Andy Pettitte had a 2008 to forget. He went 14-14 with 4.54 ERA. While he reached 204 innings, he gave up more hits than innings pitched and had his worst season since the Yanks nearly traded him in 1999.
Despite this poor showing, the Yankees wanted to bring Andy Pettitte back for 2009. While Pettitte wouldn’t be making the same $16 million, many thought Pettitte could become the 2009 version of Mike Mussina. In other words, he would be the old pitcher at the end of his career who could use his smarts to reinvent himself and still get outs. The only problem is that what Mike Mussina did in 2008 was not the norm, and so far, Andy Pettitte hasn’t been this year’s version of last year’s Moose.
Yesterday afternoon, Pettitte proved that point. He labored through five innings, giving up five earned runs on 12 hits and a walk. He put runners on base every inning and couldn’t get anyone out with a fastball averaging under 89 miles per hour. In the end, Fernando Nieve shut down the Yankee offense as well, and the team lost 6-2. With a Boston drubbing of Philadelphia, the team fell to three games out of first, clinging to the Wild Card lead but slipping in the East.

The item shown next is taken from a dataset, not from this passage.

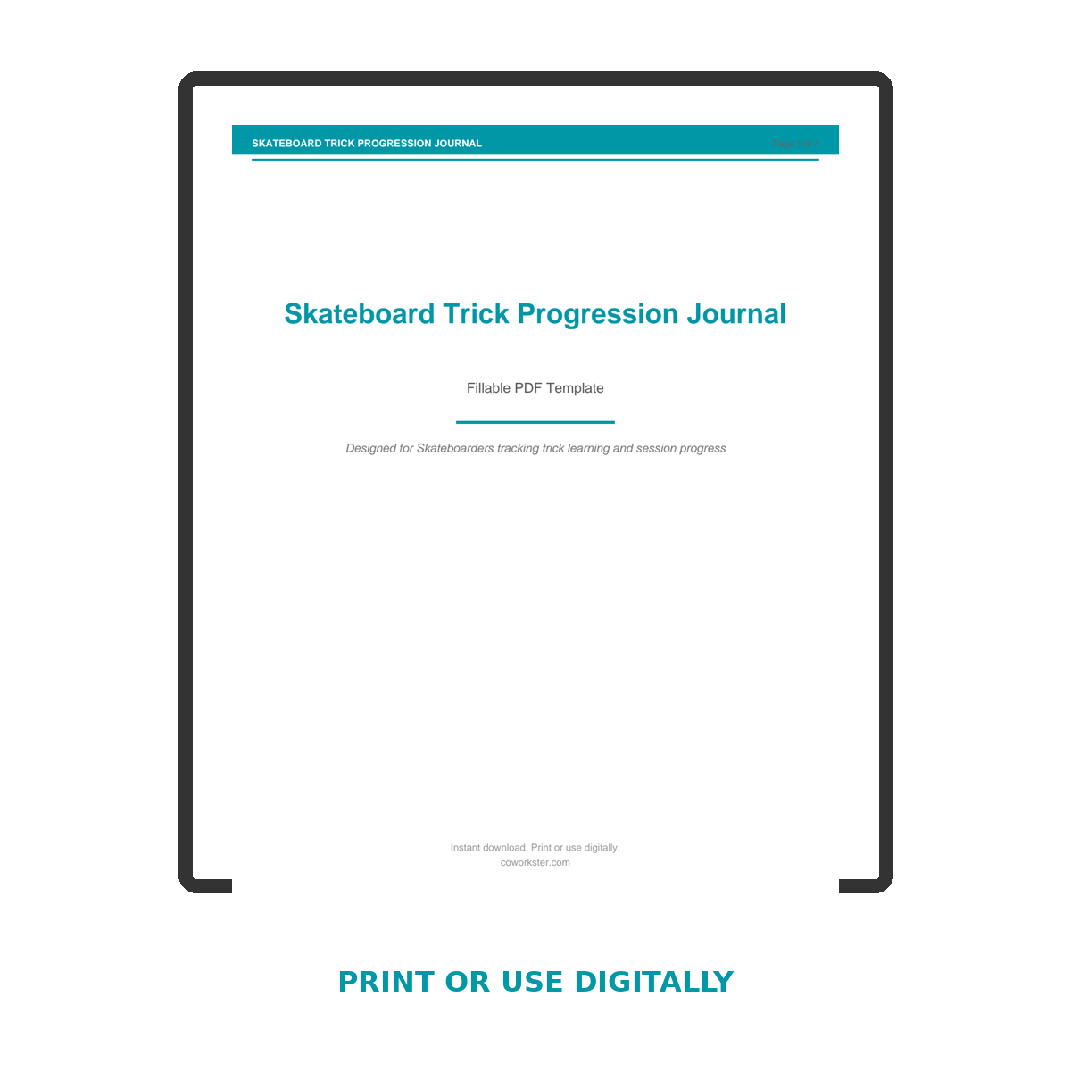 If you have been looking for a skateboard trick progression journal that actually works the way you need it to, this is it. We designed this 4 page fillable PDF specifically for Skateboarders tracking trick learning and session progress who want something practical, organized, and ready to use right away.

To me, it’s that fastball that really drives home the point. Andy Pettitte no longer has a fastball — cutter, four-seamer, two-seamer, whatever it is — that gets Major League hitters out, and yet, he throws it far too often. Yesterday, Pettitte broke 90 on three pitches, all of them in the first. He started the game throwing around 90 and left the game throwing around 88.
Beyond the velocity, though, is the issue of pitch selection. Pettitte just throws too many fastballs. Yesterday, of his 104 pitches, 65 of them were either fastballs or cutters. Even though he threw first-pitch strikes to 18 of 27 batters, it didn’t matter because he was throwing hittable pitches. Meanwhile, when Mike Mussina was at his zenith last year, say on July 23 when he shut out the Twins for eight innings, just 42 of his 105 pitches were fastballs. Mussina was throwing fastballs in breaking ball counts and breaking pitches in fastball counts. Pettitte isn’t keeping anyone off balance.

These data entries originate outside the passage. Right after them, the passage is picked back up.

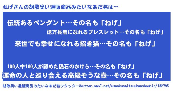 | 意味不明あだ名 | 『永久保存ねげ』『とにかく怪しいねげ』 |
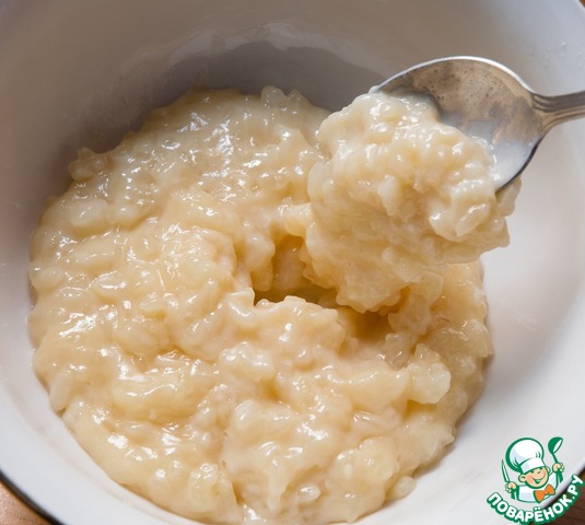 Пока макаронс подсыхают, можно заняться кремом. Рис придает крему очень интересную структуру, бархатистость, некую плотность но в то же время остается очень нежным. Рис хорошо промываем, кладем в кастрюлю, заливаем молоком, доводим до кипения и варим довольно густую рисовую кашу.
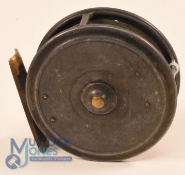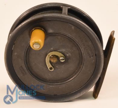 Hardy Bros "The Uniqua" c1906 alloy trout fly reel, 3" spool with 4 cusps, horseshoe latch, ivorine handle, stamped Hardy Alnwick / Hardy's Patent Uniqua, filed 4 screw brass smooth foot, weak check

For Pettitte this was just the continuation of a bad run. Over his last four outings, he has thrown 21 innings, giving up 30 hits and 14 walks while pitching to a 5.57 ERA. He throws too many pitches and sports a WHIP of 2.14. He just isn’t going to win many games.

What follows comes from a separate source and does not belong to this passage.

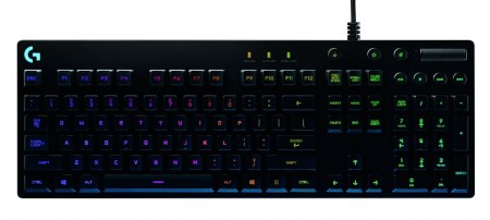 全キーにマルチカラー対応のバックライト機能を搭載、最大1,680万色のイルミネーションが設定できるメカニカルゲーミングキーボード。「Logitech Gaming Software(LGS)」を使用したカスタマイズに対応し、複数のプリセットから発光パターンを選択できるほか、ゲームコマンドなどに応じたキー単位での個別設定が楽しめる。

While we can’t talk about yesterday’s game without slamming the offense for a generally pitiful showing against a pitcher who could locate a 94 mile-per-hour fastball, Pettitte never really gave the Yankees a chance. I don’t know what to do about that. The Yankees could use Phil Hughes and Al Aceves in the rotation, but they can’t put Pettitte in the bullpen. They have a guaranteed contract with him and will keep sending him out there every five days. Can we really expect anything better than what he did against the Mets? Without a new approach, the answer is most likely no.